Instructions for the task: Copy the entries word for word. Keep the pictures out.

Records provided:
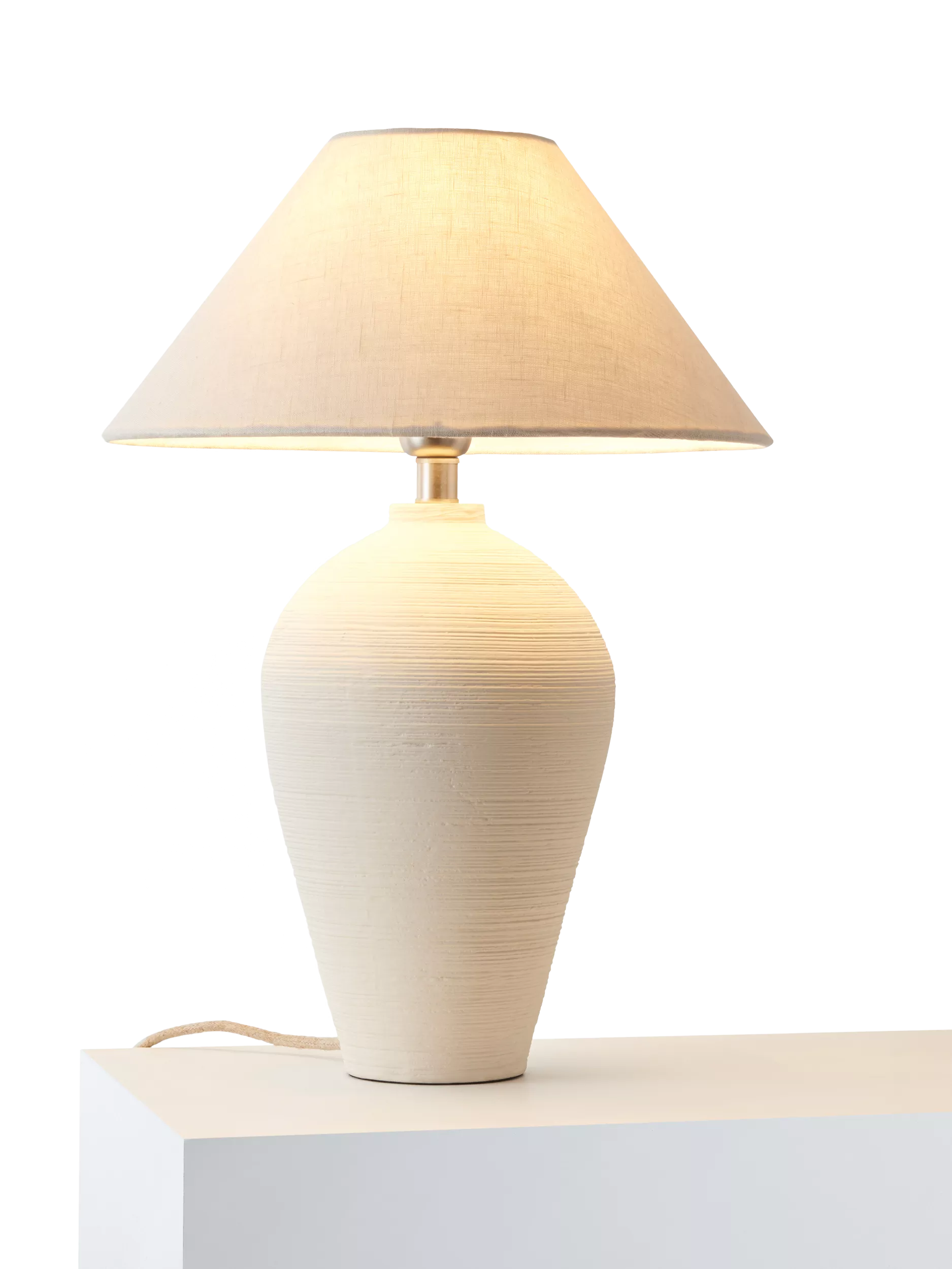 The Potter's Wheel Tall Table Lamp is crafted with subtle ribbed detailing resembling the texture of clay at the potter's wheel. The faux-linen shade completes the harmonious design and provides a warm, diffused glow of light.
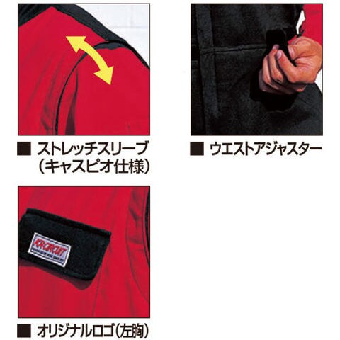 肩回りの機動性を追求したストレッチスリーブや腰回りの幅を絞る事ができる「ウエストアジャスター」等、機能の充実を図ったプロ仕様ピットスーツ。
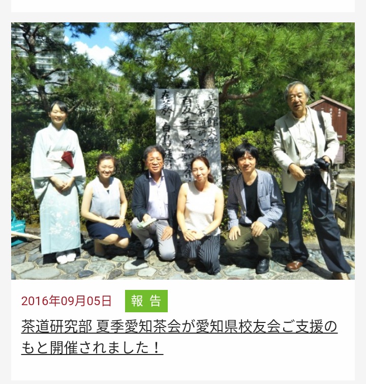 【報告】第61回夏季愛知茶会の様子が校友会本部ホームページに掲載されました9月4日日曜日、白鳥庭園で賑やかに開催されました、第61回愛知茶会の盛会ぶりが校友会ホームページに掲載されました。
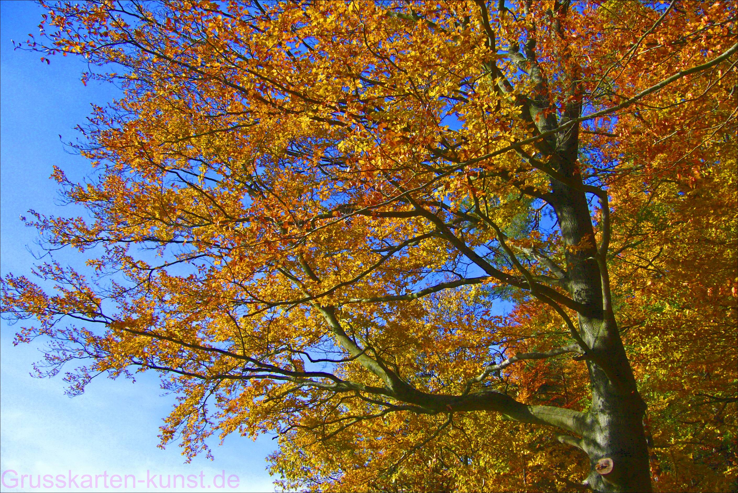 | T32 Ausschnitt einer Buchenkrone mit von der Sonne angestrahlten gelb-goldenen, bis ins rot gehenden, Blättern vor blauem Himmel. Deutlich sieht man auch die Verzweigungen der Äste, die vom Hauptstamm abgehen. Ja, das nennt man goldener Oktober. Mail mit der Karte T32 versenden Karte T32 vergrößern | |
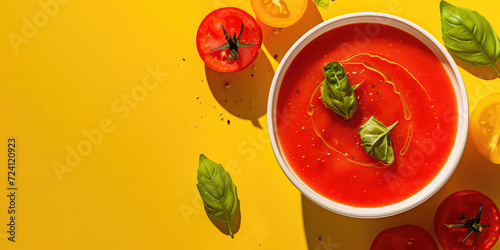 Chilled Gazpacho Soup with Diced Vegetables. Gazpacho soup topped with finely diced vegetables and parsley, served in a bowl, copy space.
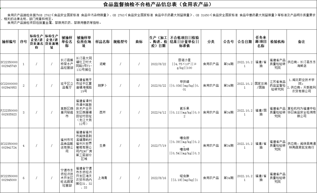 農獸藥殘留問題:長汀縣賴橋榮水產品經營部銷售的泥鰍(購進日期為2022年8月22日),恩諾沙星不合格,檢驗機構為福建省產品質量檢驗研究院;延平區立品餐廳銷售的胡蘿卜(購進日期為2022年6月22日),甲拌磷不合格,檢驗機構為江蘇省食品藥品監督檢驗研究院;高新區顏厝月駿超市銷售的西芹(購進日期為2022年4月12日),氧樂果不合格,初檢機構為福建省產品質量檢驗研究院,復檢機構為福建中檢華日食品安全檢測有限公司;福州市可品食品配送有限公司銷售的生姜(購進日期為2022年7月19日),噻蟲胺不合格、噻蟲嗪不合格,檢驗機構為福建省產品質量檢驗研究院;寧德市東僑經濟技術開發區旺名蔬菜經營部銷售的上海青(購進日期為2022年8月16日),啶蟲脒不合格,檢驗機構為福建省產品質量檢驗研究院。

Exercise solution:
 The Potter's Wheel Tall Table Lamp is crafted with subtle ribbed detailing resembling the texture of clay at the potter's wheel. The faux-linen shade completes the harmonious design and provides a warm, diffused glow of light.
 肩回りの機動性を追求したストレッチスリーブや腰回りの幅を絞る事ができる「ウエストアジャスター」等、機能の充実を図ったプロ仕様ピットスーツ。
 【報告】第61回夏季愛知茶会の様子が校友会本部ホームページに掲載されました9月4日日曜日、白鳥庭園で賑やかに開催されました、第61回愛知茶会の盛会ぶりが校友会ホームページに掲載されました。
 | T32 Ausschnitt einer Buchenkrone mit von der Sonne angestrahlten gelb-goldenen, bis ins rot gehenden, Blättern vor blauem Himmel. Deutlich sieht man auch die Verzweigungen der Äste, die vom Hauptstamm abgehen. Ja, das nennt man goldener Oktober. Mail mit der Karte T32 versenden Karte T32 vergrößern | |
 Chilled Gazpacho Soup with Diced Vegetables. Gazpacho soup topped with finely diced vegetables and parsley, served in a bowl, copy space.
 農獸藥殘留問題:長汀縣賴橋榮水產品經營部銷售的泥鰍(購進日期為2022年8月22日),恩諾沙星不合格,檢驗機構為福建省產品質量檢驗研究院;延平區立品餐廳銷售的胡蘿卜(購進日期為2022年6月22日),甲拌磷不合格,檢驗機構為江蘇省食品藥品監督檢驗研究院;高新區顏厝月駿超市銷售的西芹(購進日期為2022年4月12日),氧樂果不合格,初檢機構為福建省產品質量檢驗研究院,復檢機構為福建中檢華日食品安全檢測有限公司;福州市可品食品配送有限公司銷售的生姜(購進日期為2022年7月19日),噻蟲胺不合格、噻蟲嗪不合格,檢驗機構為福建省產品質量檢驗研究院;寧德市東僑經濟技術開發區旺名蔬菜經營部銷售的上海青(購進日期為2022年8月16日),啶蟲脒不合格,檢驗機構為福建省產品質量檢驗研究院。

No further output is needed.